▶ [TASK DETAILS] Since the pictures are not wanted, retype the listing below exactly and without them.

▶ [RECORD SET]
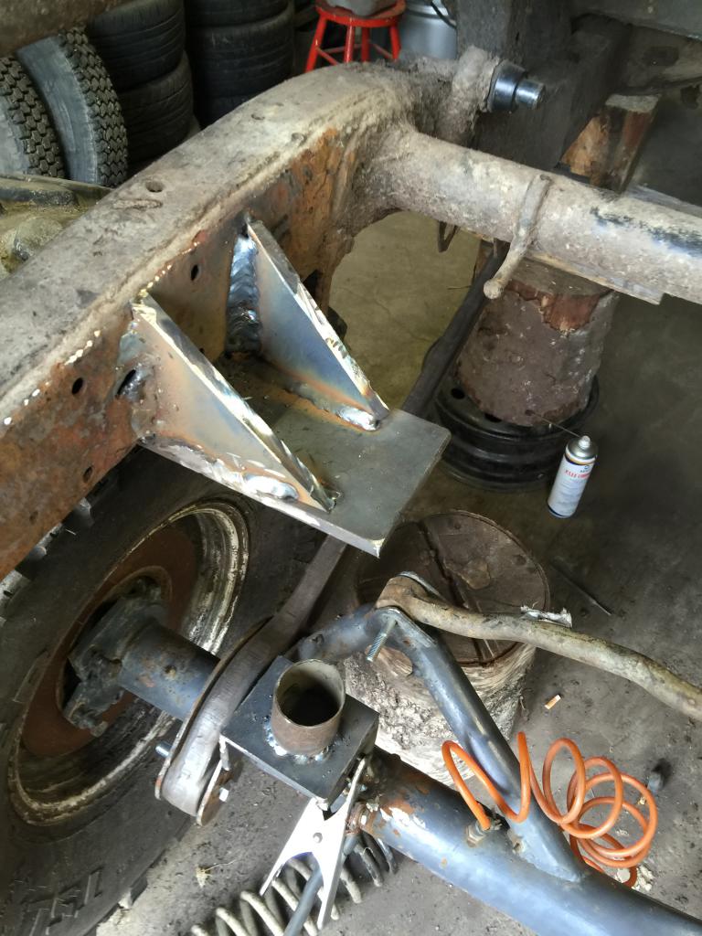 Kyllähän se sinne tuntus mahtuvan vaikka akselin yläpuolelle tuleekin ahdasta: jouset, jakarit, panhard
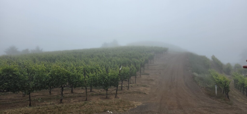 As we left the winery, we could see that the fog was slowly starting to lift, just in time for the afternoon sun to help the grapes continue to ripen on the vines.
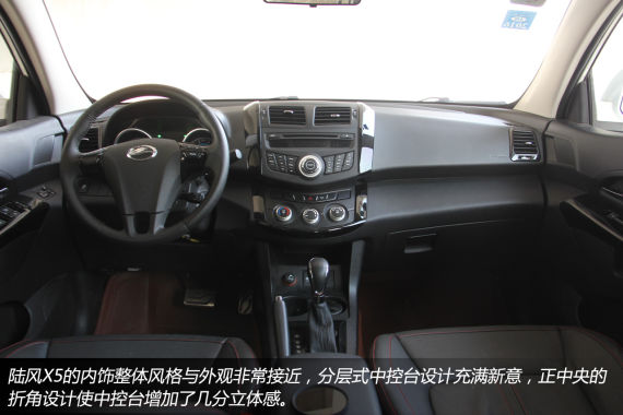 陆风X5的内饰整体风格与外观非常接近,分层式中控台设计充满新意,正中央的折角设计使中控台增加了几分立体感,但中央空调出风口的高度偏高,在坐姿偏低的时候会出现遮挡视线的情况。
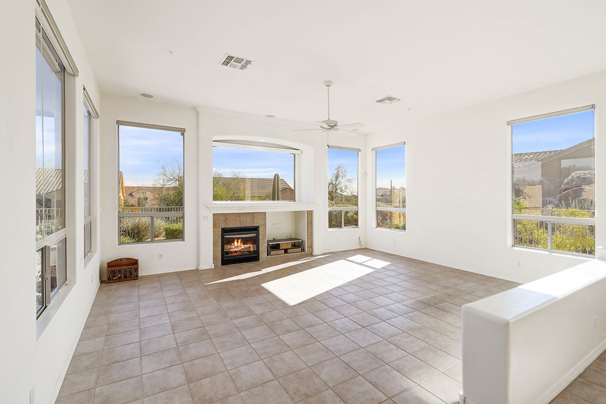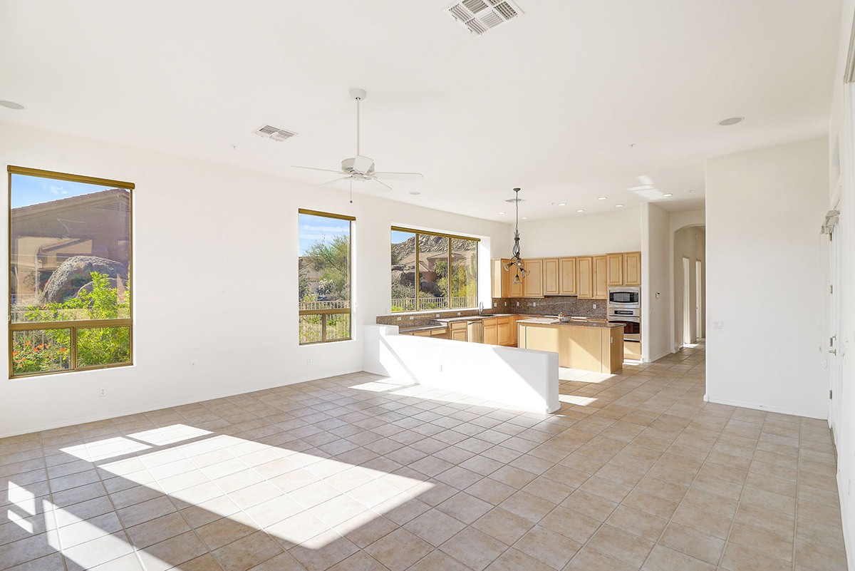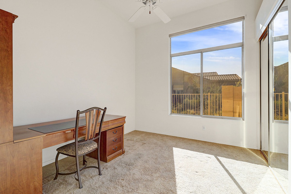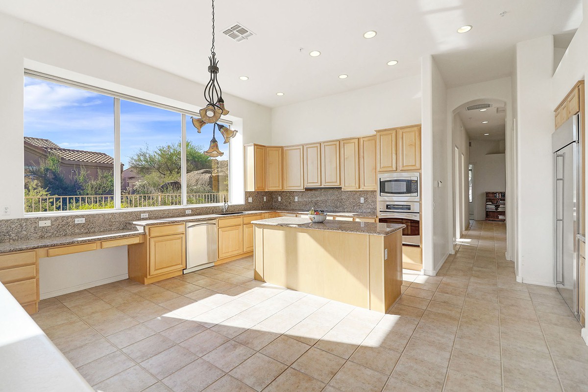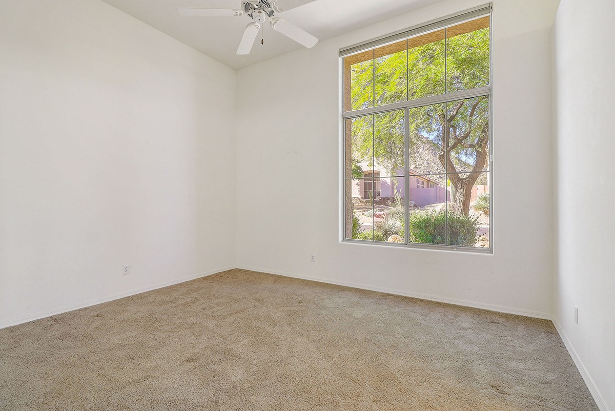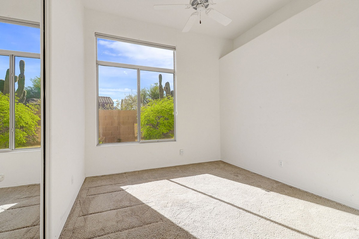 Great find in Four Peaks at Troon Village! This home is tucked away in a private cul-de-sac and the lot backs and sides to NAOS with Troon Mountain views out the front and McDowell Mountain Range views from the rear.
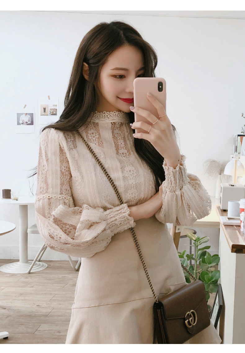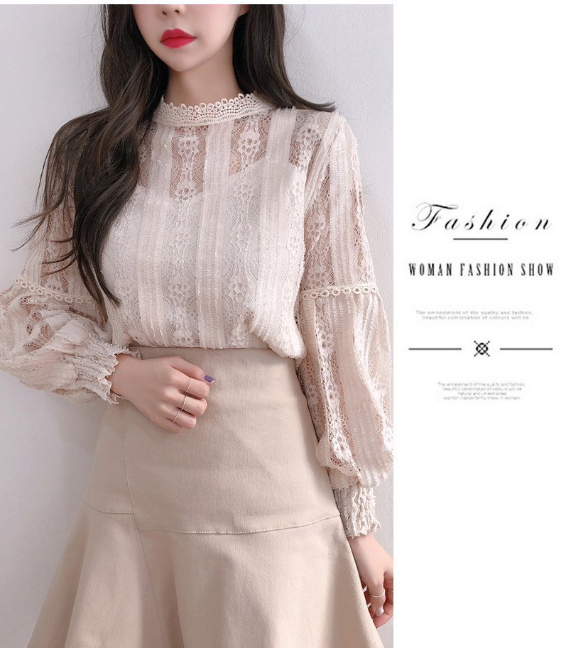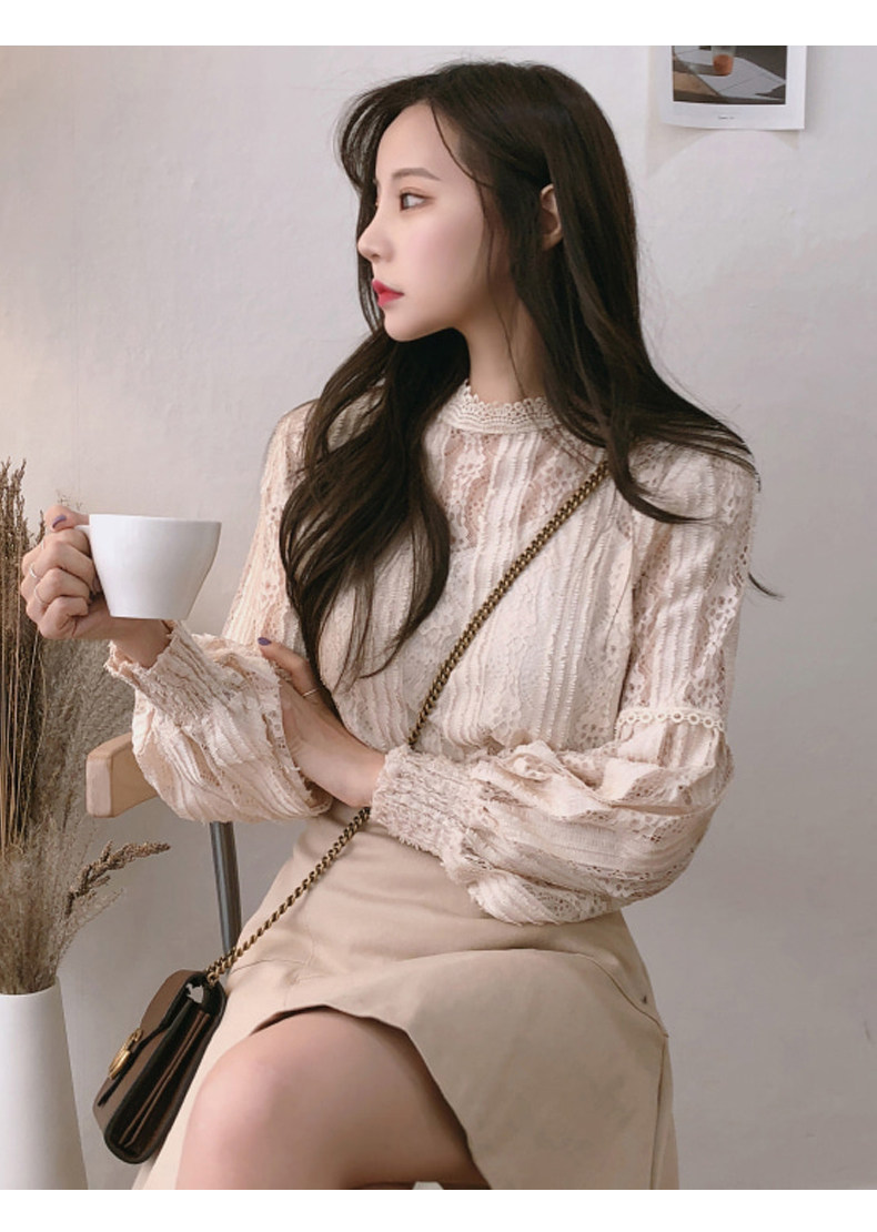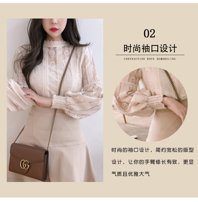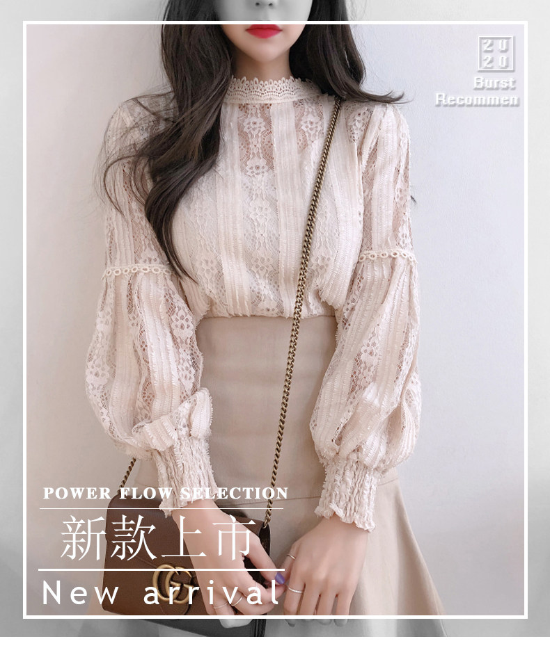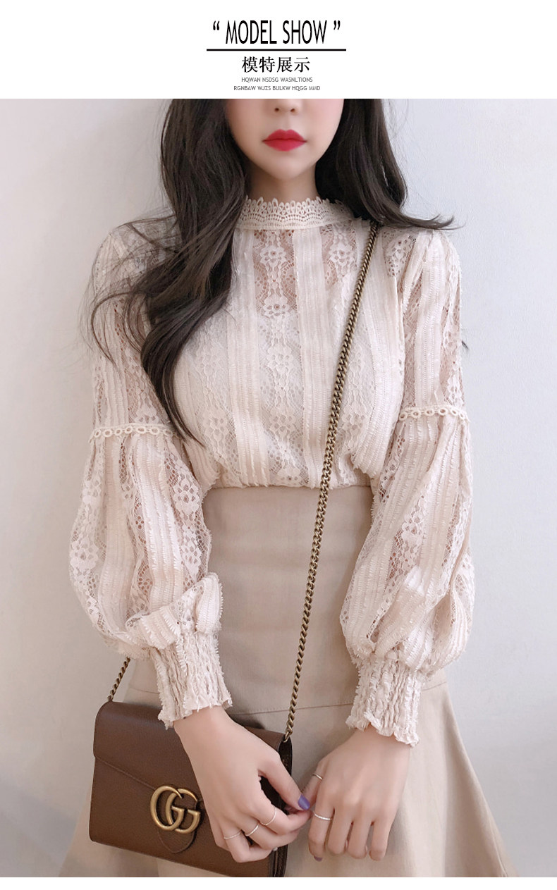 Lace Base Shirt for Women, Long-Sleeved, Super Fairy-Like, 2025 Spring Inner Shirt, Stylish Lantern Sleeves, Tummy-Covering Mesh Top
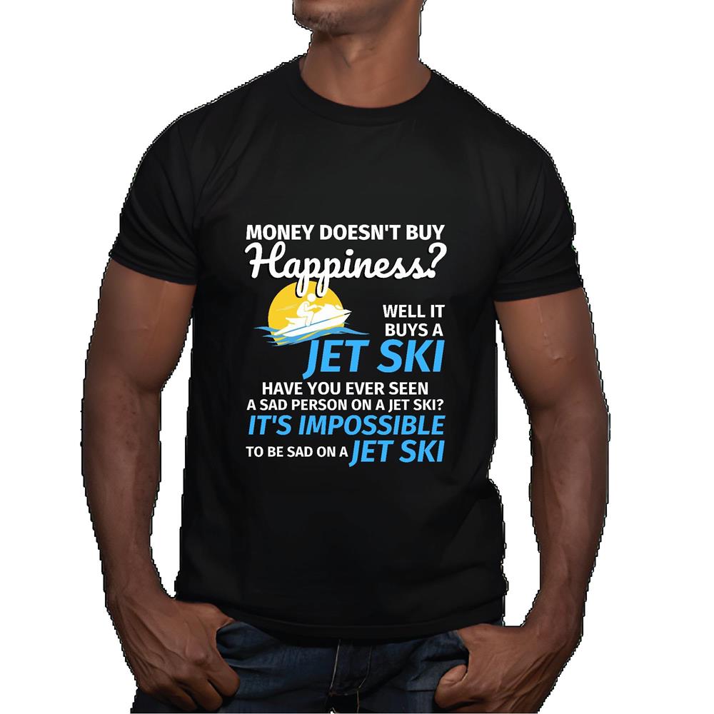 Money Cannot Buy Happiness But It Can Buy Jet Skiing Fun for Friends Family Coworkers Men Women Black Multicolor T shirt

▶ [COMPLETED TASK]
 Kyllähän se sinne tuntus mahtuvan vaikka akselin yläpuolelle tuleekin ahdasta: jouset, jakarit, panhard
 As we left the winery, we could see that the fog was slowly starting to lift, just in time for the afternoon sun to help the grapes continue to ripen on the vines.
 陆风X5的内饰整体风格与外观非常接近,分层式中控台设计充满新意,正中央的折角设计使中控台增加了几分立体感,但中央空调出风口的高度偏高,在坐姿偏低的时候会出现遮挡视线的情况。
 Great find in Four Peaks at Troon Village! This home is tucked away in a private cul-de-sac and the lot backs and sides to NAOS with Troon Mountain views out the front and McDowell Mountain Range views from the rear.
 Lace Base Shirt for Women, Long-Sleeved, Super Fairy-Like, 2025 Spring Inner Shirt, Stylish Lantern Sleeves, Tummy-Covering Mesh Top
 Money Cannot Buy Happiness But It Can Buy Jet Skiing Fun for Friends Family Coworkers Men Women Black Multicolor T shirt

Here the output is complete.